- Born: c. 1950s San Juan, Puerto Rico
- Nationality: Puerto Rican
- Area(s): Cartoonist, Penciller
- Notable works: Turey el Taino

= Ricardo Álvarez-Rivón =

Puerto Rican comic book creator

Ricardo Álvarez-Rivón (born c. 1950) is the creator of Turey el Taino, Puerto Rico's most successful locally produced comic book-magazine.

==Early life==
Álvarez-Rivón, who drew comics since his childhood years, was born in San Juan, Puerto Rico and studied art and drawing in the University of Puerto Rico. Álvarez-Rivón wanted to come up with a different concept in comics, a comic which would entertain as well as educate children and adults alike. He then worked on an idea about a Taino and his adventures.

==Turey el Taino==
On October 26, 1989, Turey el Taino, published by Editorial Manos, made its debut in the news and magazine stands in stores all over Puerto Rico. Turey el Taino is what is known as a "comic magazine". Instead of the regular comic format, this comic comes in the form of a magazine. It was first printed in black and white. Turey is a lovable chubby guy with two sons and a very dominating wife. Turey goes on all kinds of adventures, accompanied by his best friend "Batu", the tribe witchdoctor "Baracutey" and "Tureycito", one of his sons. They either face the "ferocious" Caribs or fight evil spirits. The comic book is education-oriented, as it teaches how the Tainos must have lived before the arrival of the Spaniards. The comic book also contains a section where the letters and drawings from the fans are published. The first newspaper to publish the adventures of Turey was "El Mundo" of Puerto Rico. Soon, the adventures of Turey were being published in color in the Sunday newspaper pages of El Nuevo Día.

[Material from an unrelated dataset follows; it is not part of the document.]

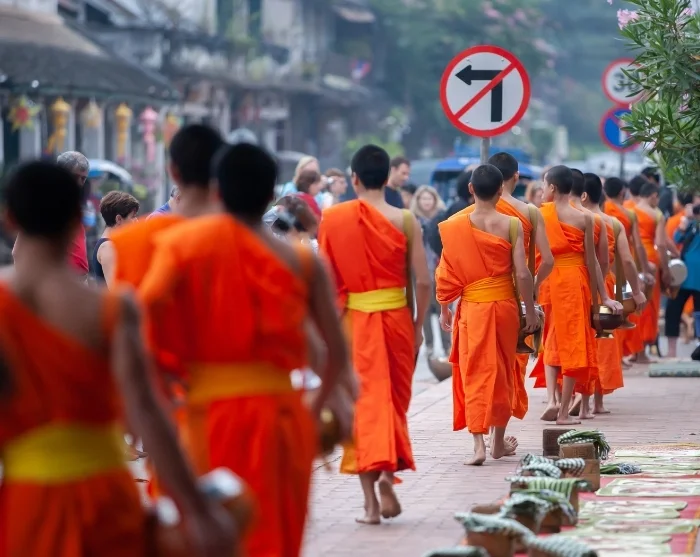 Hver morgen i de tidlige morgentimene utspiller det seg en helt spesiell seremoni i Luang Prabang. Flere hundre munker beveger seg stille gjennom gatene for å samle inn almisser. Hver familie sender en representant ut på gaten med mat eller drikke som fordeles i munkenes boller. Det er vanskelig å ikke la seg gripe av den respektfulle stillheten og verdigheten som preger dette daglige ritualet.

==Recognitions and honors==
The Institute of Puerto Rican Culture honored "Turey" by publishing a book on the character, which included a collection of the comic strips. "Turey" is also the principal figure on an educational pamphlet published by "ENDE" (El Nuevo Día Educador). The U.S. Postal Service honored "Turey el Taino" and his creator in 1999, by presenting a cancelled postal stamp and renaming the postal station in "Plaza Las Americas" in Puerto Rico, the "Turey Postal Station".
On November 10, 1999, The Puerto Rican House of Representatives, honored "Turey's" creator Ricardo Álvarez-Rivón and presented him with a plaque. Álvarez-Rivón continues to write and illustrate the "Turey" comic strips with the collaboration of his wife, Magali Álvarez-Rivón.